Task description
All lines from the one containing "Donderdagavond 23 april" to the end of the listing below should be output exactly; omit the pictures.

Source material
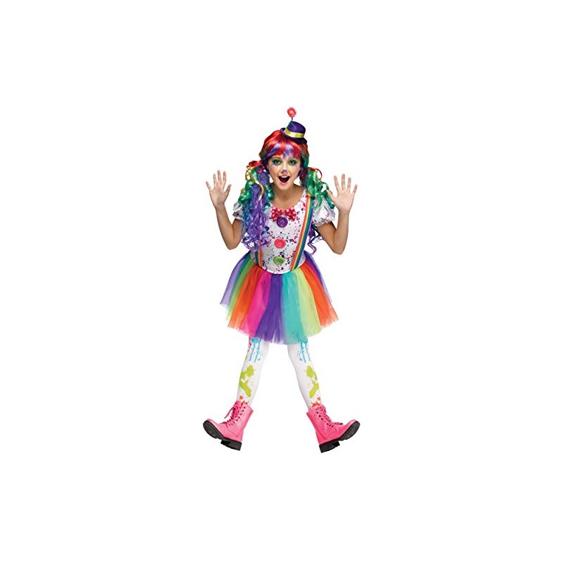 - Stand out from the crowd in this colorful crazy clown costume! This costume includes a multicolored dress, footless tights, and mini hat. Does not include wig or shoes.
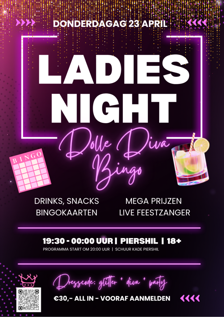 Donderdagavond 23 april is het jullie avond! We hebben een superleuk programma tijdens de Ladies Night: een dolle diva bingo én feestavond in één!
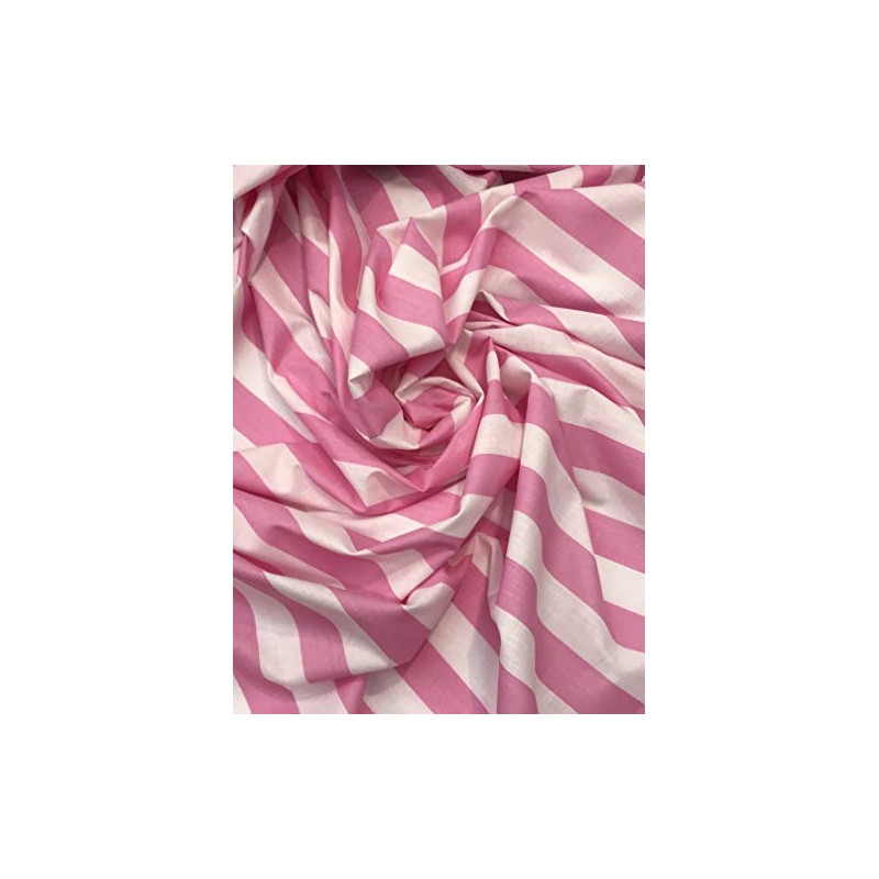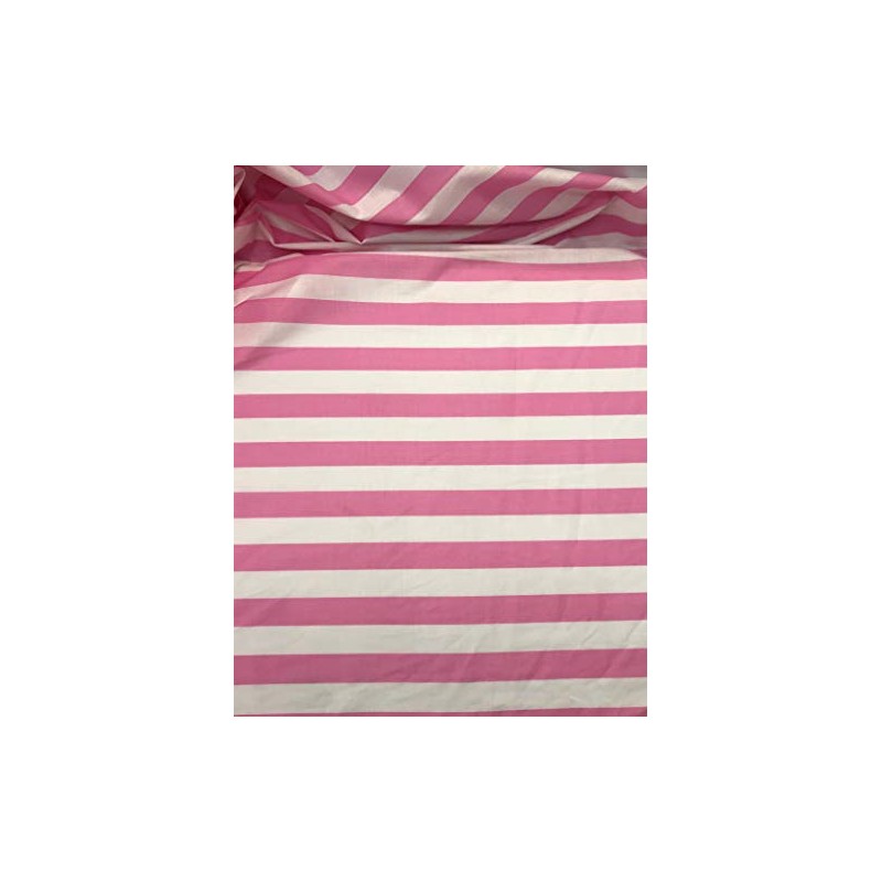 Sal Tex Fabrics, 1" Stripe Poly Cotton Fabric Print, Two Color Combination, Sells by The Yard, 60" Wide (Pink/White)
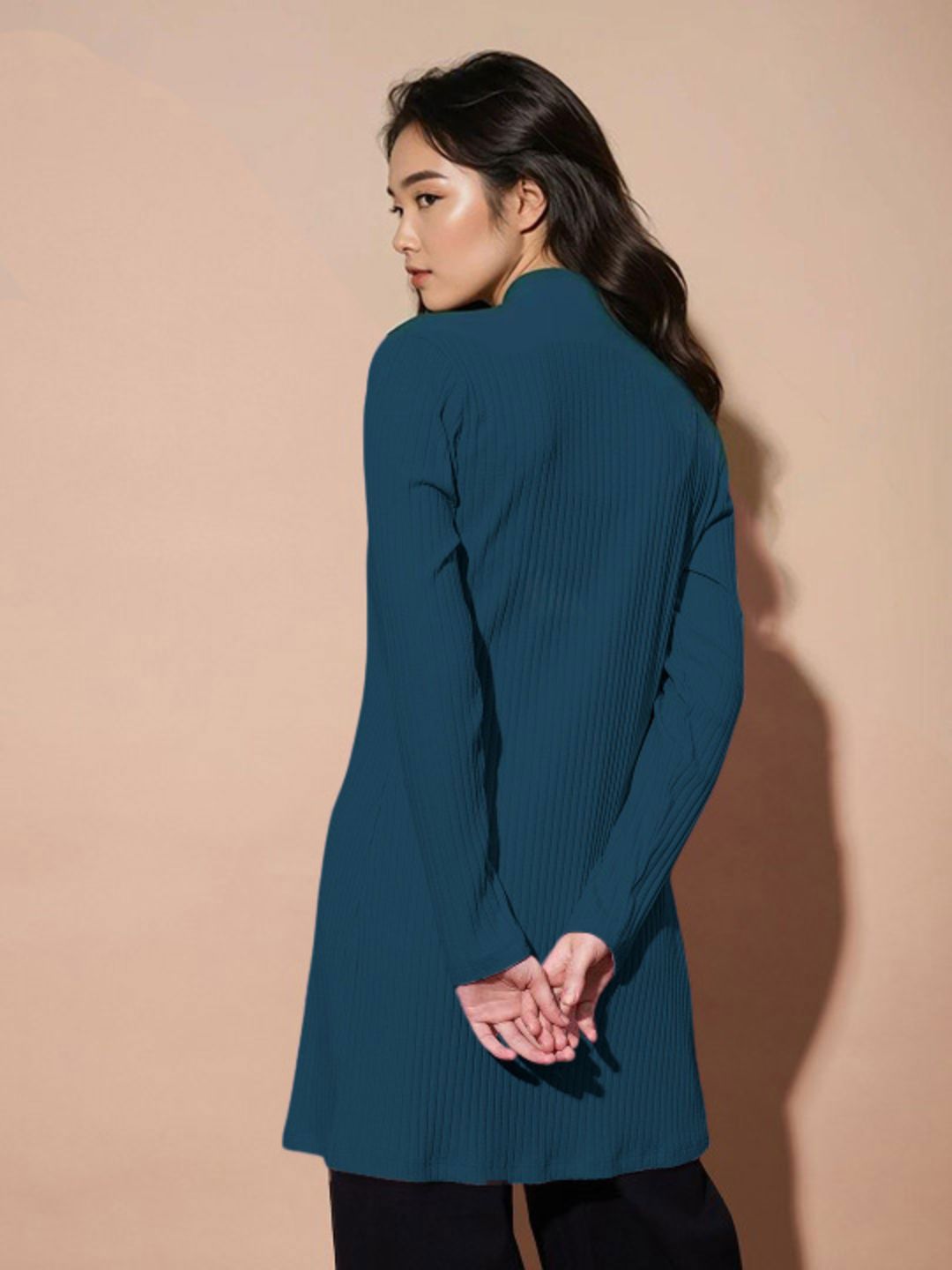 Product Details: Blue solid open front regular shrug ,has long sleeves, straight hem || SIZE & FIT: The model (height 5'8) is wearing a size S || MATERIAL & CARE: Cotton Blend Machine Wash

Task solution
 Donderdagavond 23 april is het jullie avond! We hebben een superleuk programma tijdens de Ladies Night: een dolle diva bingo én feestavond in één!
 Sal Tex Fabrics, 1" Stripe Poly Cotton Fabric Print, Two Color Combination, Sells by The Yard, 60" Wide (Pink/White)
 Product Details: Blue solid open front regular shrug ,has long sleeves, straight hem || SIZE & FIT: The model (height 5'8) is wearing a size S || MATERIAL & CARE: Cotton Blend Machine Wash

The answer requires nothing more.